Dwa dni temu wracając z pracy, biegi zaczęły ciężko wskakiwać (głównie 1 i 2), ale jakoś dojechałem do sklepu. Chcąc wycofać z parkingu okazało się, że w ogóle nie moge wrzucić biegu wstecznego (słychać tylko zgrzytanie). Samochód musiałem wypchnąć, no i do domu dojechałem. Następnego dnia rano dojechałem do pracy bez większych problemów (bieg 1 i 2 stawiały opór, ale udawało się je wrzucić). Natomiast największy problem zaczął się przy powrocie z pracy:
Biegi zaczęły stawiać coraz większy opór, aż w końcu w ogole żaden z nich nie chciał wskoczyć. Na szczęście zauważyłem, że na wyłączonym silniku wskakują bez żadnych problemów! Dojechałem do domu na jedynce i zastanawiam się co zrobić.
Teraz gdy samochód stoi w miejscu, na zaciągniętym ręcznym, próbując wrzucić bieg, samochód próbuje od razu ruszać do przodu jakbym w ogóle nie wciskał sprzęgła.
Wydaje mi się też, że pedał sprzęgła jest "krótszy". Może wystarczy naciągnać linkę?
Jakieś pomysły?
Z góry dziękuję za pomocPoduszki !!! sprawdż poduszki szczególnie tą środkową poduszkę silnika i nasmaruj linki od zmiany biegów
Wyregulowałem linkę sprzęgła (podciągnąłem o jakiś 1cm) i teraz biegi wchodzą jak w masło. Tak ładnie nie wchodziły jeszcze nigdy odkąd kupiłem auto :)
Pedał sprzęgła mam teraz lekko wyżej niż pedał hamulca, naciska się lekko, ale samochód rusza gdzieś dopiero w połowie wysokości pedału sprzęgła. Nie powinno od razu załapać? No i czy podciągnięcie linki to rozwiązanie na dłuższą metę, czy za jakiś czas znów zacznie się coś dziać?
Pozdrawiam
ale samochód rusza gdzieś dopiero w połowie wysokości pedału sprzęgła.
Czyli jest ok. Linka się trochę rozciąga, więc dopuszczalna jest jej regulacja.
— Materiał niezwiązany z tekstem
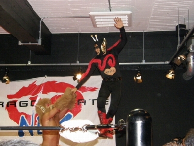 ・試合では、"その髪型なんじゃー!"といいながらサイコンが強烈なコーナーへのスプラッシュ。

Pedał sprzęgła powinien być na równi z hamulcem, jeśli podciągnołeś wyżej to na bank poleci sprzęgło, albo łożysko oporowe się wysypie albo słoneczko w sprzęgle
No i po dwóch dniach dobrego działania sprzęgła, znów kłopot... Jak tylko dotknę pedał sprzęgła (nawet lekko), to słychać jakieś szorowanie, drapanie ... Biegi wskakują bez problemów, więc jeździć można, ale jest strach że zaraz coś się rozleci.
Dodatkowo wciskając pedał sprzęgła, czuje jakby o coś zaczęło szorować (już nie wchodzi tak gładko jak wcześniej). Jak tylko puszczę pedał sprzęgła, wszystko wraca do normy, nie słychać już żadnych podejrzanych dźwięków.
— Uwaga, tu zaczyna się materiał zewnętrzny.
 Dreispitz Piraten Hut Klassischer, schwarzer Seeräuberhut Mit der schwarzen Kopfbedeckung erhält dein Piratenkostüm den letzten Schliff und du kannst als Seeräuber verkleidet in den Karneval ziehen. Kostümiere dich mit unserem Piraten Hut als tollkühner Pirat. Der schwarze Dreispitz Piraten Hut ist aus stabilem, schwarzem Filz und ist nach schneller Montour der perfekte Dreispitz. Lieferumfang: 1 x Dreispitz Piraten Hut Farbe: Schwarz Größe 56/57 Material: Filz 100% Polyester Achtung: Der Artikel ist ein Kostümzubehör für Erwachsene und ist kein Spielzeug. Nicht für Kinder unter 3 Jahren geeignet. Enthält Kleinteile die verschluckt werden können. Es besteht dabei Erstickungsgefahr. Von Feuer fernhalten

Pedał sprzęgła powinien być na równi z hamulcem, jeśli podciągnołeś wyżej to na bank poleci sprzęgło, albo łożysko oporowe się wysypie albo słoneczko w sprzęgle
Gdzieś wyczytałem, że pedał sprzęgła powinien być lekko ponad pedałem hamulca, dlatego tak zrobiłem. Chyba jednak to był błąd.
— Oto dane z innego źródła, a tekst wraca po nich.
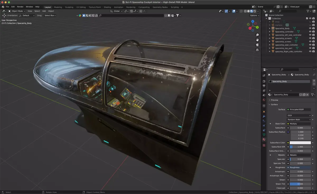 High-quality sci-fi spaceship cockpit interior, designed for games, cinematics, and real-time applications.This asset features detailed control panels, joysticks, buttons, levers, and HUD screens, built with a realistic hard sci-fi aesthetic. Optimized topology and PBR textures make it suitable for Unreal Engine, Unity, VR, and cinematic scenes.
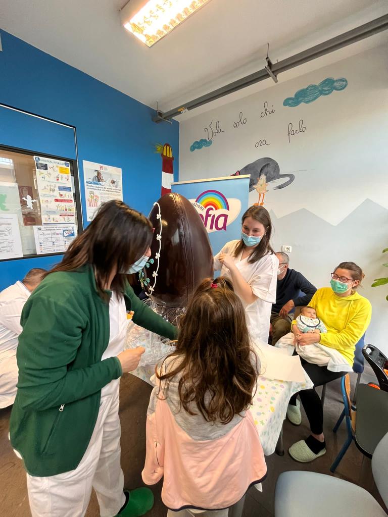 In collaborazione con Iper Famila abbiamo recapitato al terzo piano della Pediatria un uovo di cioccolato per i bimbi ricoverati. Ci piace pensare di aver donato loro un piccolo momento di dolcezza e svago ed aver reso più leggera questa giornata di festa passata tra le mura dell'ospedale.

Jakieś pomysły co mogę z tym zrobić?
Jakieś pomysły co mogę z tym zrobić?
Tak .Trzeba zrzucić skrzynię i wymienić sprzęgło (tarczę,docisk,łożysko)
Tak .Trzeba zrzucić skrzynię i wymienić sprzęgło (tarczę,docisk,łożysko)
Dokładnie tak. Oddałem auto do mechanika i skończyło się na wymianie tych części. 550zl :/
Swoją drogą wyeksploatowałem je do samego końca. Mechanik powiedział, że może ze 100km jeszcze bym na nich przejechał, a potem już tylko laweta.